3.1. Univariate Analysis

Due to the small number of breastfed infants (11.3%) who had been exclusively breastfed whilst in hospital we investigated the association of covariates with the duration of full and any breastfeeding for the first six months of life. In the univariate analysis (Table 2), the duration of any and/or full breastfeeding was associated with socio-demographic factors (maternal age, country of birth and level of education), parity, prelacteal feeding, introduction of a pacifier, whether a mother had roomed-in for 24 h with her infant and psychosocial factors (partner’s and maternal grandmother’s support for breastfeeding).

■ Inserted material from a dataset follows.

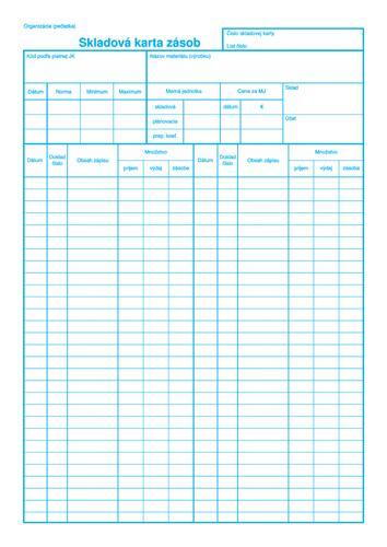 Karta sa používa na evidenciu príjmu, výdaju, stavu tovaru v skladoch. arta je zhotovená z kartónu. A4 formát. Sfarbenie kartón biely, modré čiary.

3.2. Multivariate Analysis

Table 3 shows the results of the multivariate analysis. After adjustment, maternal level of education and country of birth were independently associated with both duration of full and any breastfeeding. Mothers with 12 or more years of education were less likely to stop any (Adjusted Hazard Ratio (AdjHR) = 0.68) and full (AdjHR = 0.74) breastfeeding during the six month follow-up period compared with mothers with less than 12 years of education. Similarly, mothers born in other Arab countries were less likely to stop any (AdjHR = 0.53) and full (AdjHR = 0.65) breastfeeding compared with women born in Kuwait. Mothers who did not intend to return to work within six months post-partum (AdjHR = 0.76) and those who did not experience breastfeeding problems in hospital (AdjHR = 0.80) were less likely to have stopped full breastfeeding. Conversely, women who did not feed on demand while in hospital (AdjHR = 1.28) or whose partner preferred formula feeding or was ambivalent as to how his child was fed (AdjHR = 1.33) were more likely to stop full breastfeeding. Multiparous women (Adj HR = 0.63) were less likely to cease any breastfeeding while those women who introduced a pacifier to their infant before four weeks (AdjHR = 1.66) or whose own mother preferred formula feeding or was ambivalent as to how her grandchild was fed (AdjHR = 2.11) were more likely to stop breastfeeding during the six month follow-up period.

3.3. Reasons for Discontinuing Breastfeeding

The reasons given by mothers for stopping breastfeeding are given in Table 4. The majority of women (86.8%) indicated that they were concerned about the adequacy of their breast milk in terms of either quantity or quality. Almost half (49.1%) indicated that their baby had either weaned them self, preferred a bottle or were ready for solids. A notable proportion stopped breastfeeding because they had returned to work or study. Only a small number of women cited mother-centered reasons like inconvenience and dislike of breastfeeding. The reasons for cessation did not vary markedly according to the infant age at which women stopped breastfeeding.

4. Discussion

While breastfeeding initiation is virtually universal amongst women living in Kuwait, targets for breastfeeding duration are not being met, with no woman in this study exclusively breastfeeding to six month of age and only 2% of women fully breastfeeding their infants to this age. As not all women had ceased breastfeeding by 26 weeks, it was not possible to estimate mean duration of breastfeeding however, the median duration of any breastfeeding was slightly more than three months and the mean duration of those women who had stopped breastfeeding before 26 weeks was six weeks. This suggests that the mean duration of any breastfeeding in Kuwait is likely to be less than the 4.9 months reported in 1997 [28] and that breastfeeding duration is declining.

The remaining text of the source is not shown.